When I was about nine years old, my family and I went out to eat and I ordered fried shrimp for the first time. After the first one, I was in love. I happily gobbled them all down until I got to the very last one and began choking. Choking badly enough that the restaurant kind of quieted and I was the center of attention.
“Where are the tails?” my mother asked me looking in the empty basket.
I could breathe again, but it seemed everyone was still staring at me. I began to sob, and told her I had eaten them. No one had told me not to.
I was fine. Apparently there are actually people out there who choose to eat the tails. I am not one of them. I have continued my love of shrimp but have always erred on the side of leaving a little extra shrimp at the tail end rather than risk eating any more shrimp tails.
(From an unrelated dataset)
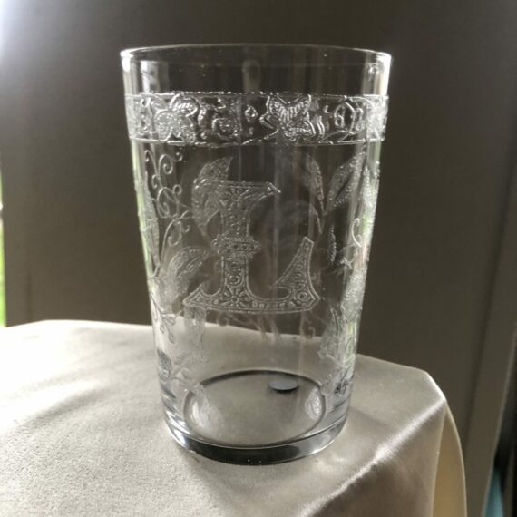 Réf : GV 70 Beau gobelet en cristal chiffré A. Belle gravure à l’acide de fleurs et branchages. Fin XIXème – début XXème. Probablement Saint Louis ou Baccarat .Parfait état. Gravure du décor identique à […]
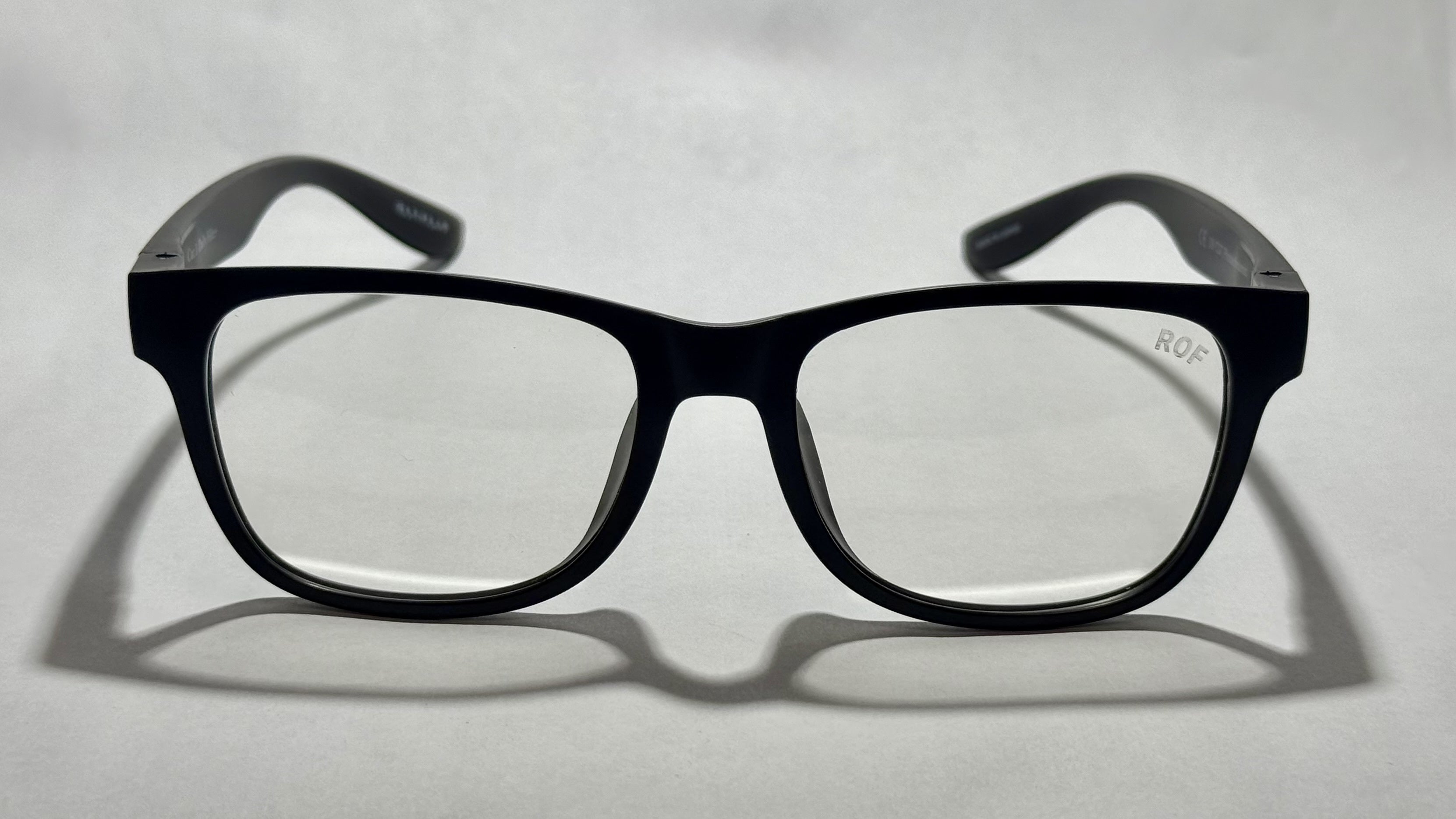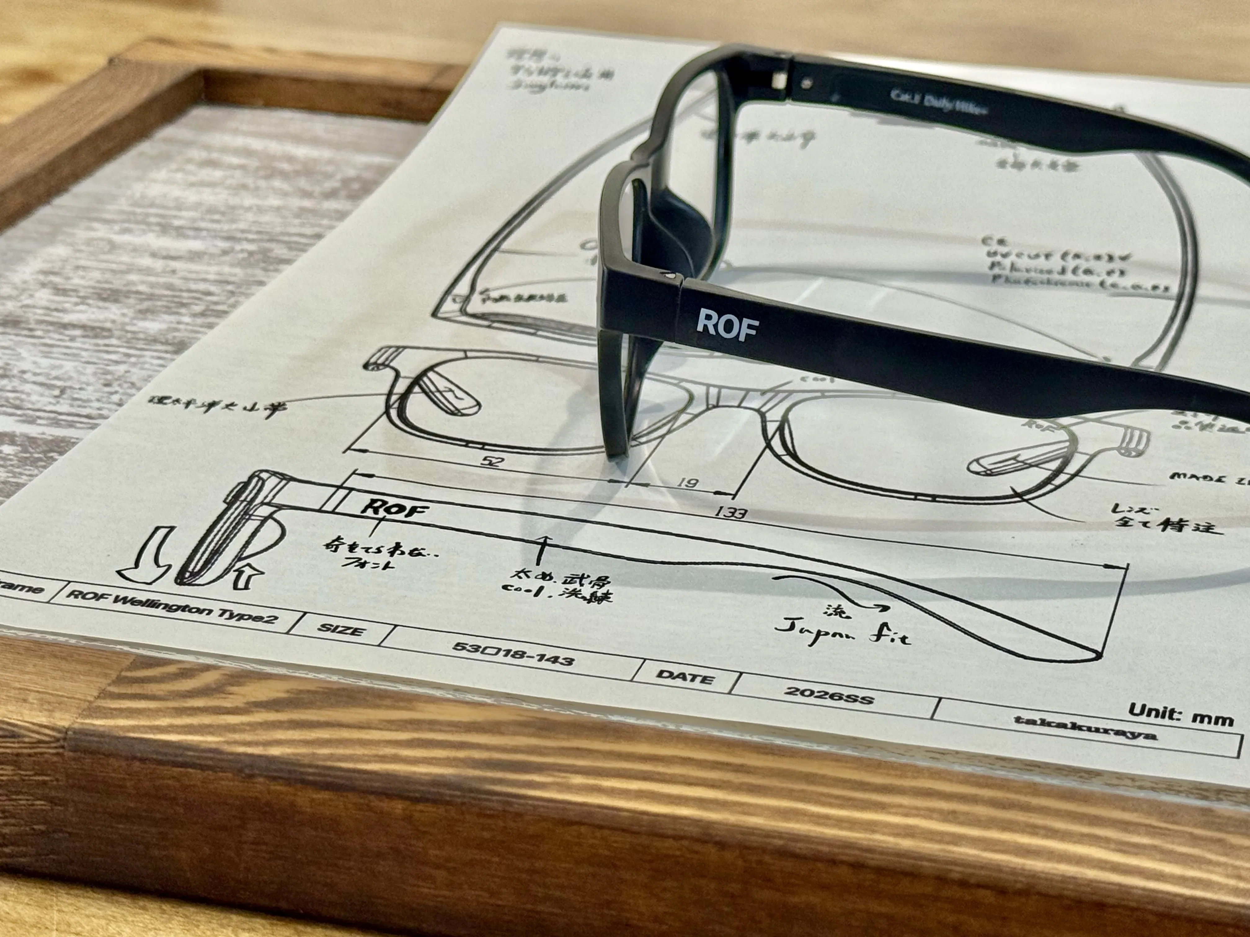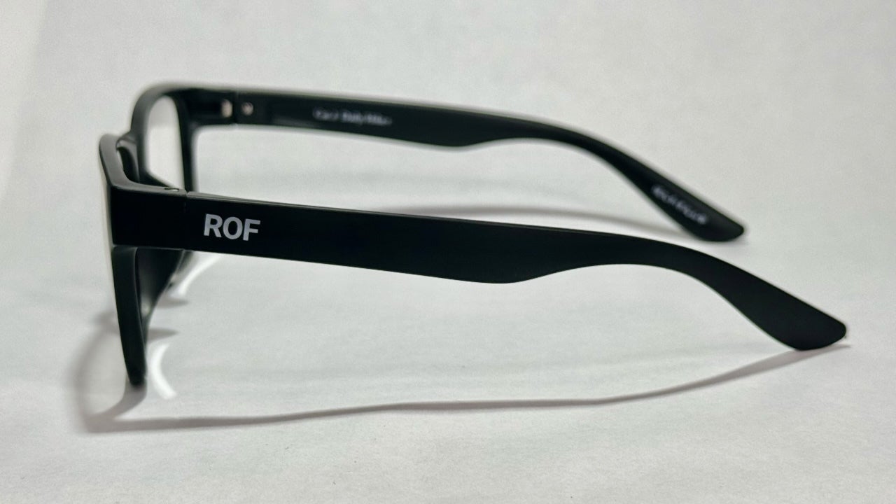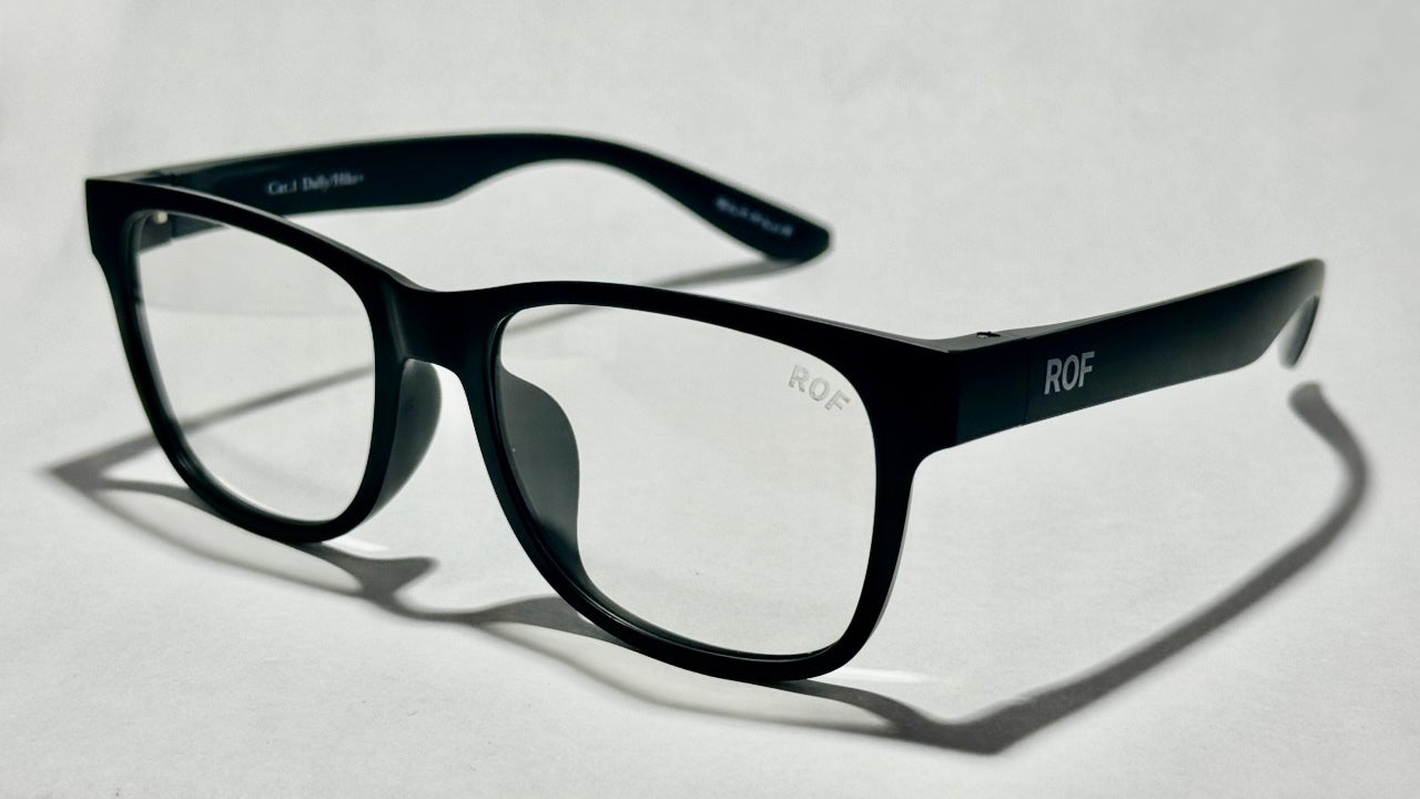 特注クリアレンズ。透明でもしっかりUVカットします。レンズに刻印されたROF刻印は品質の証。

All this to say, the story of me eating the shrimp tails has been shared miiilllliiooonnns of times. It’s one of those stories that just keeps getting told. My kids have heard it at least 20 times.
Imagine my surprise last night when Maggie and I were at a Christmas party and she mentioned that she had eaten two shrimp.
“Where are the tails?” I asked her looking at her empty plate.
To her credit, she didn’t cry. I told her she’d be fine and she laughed at herself. She’s taking this following in her mother’s footsteps a little seriously. I ate six; she ate two. Maybe with the downward trend the next generation will be happy hearing the story instead of being part of it.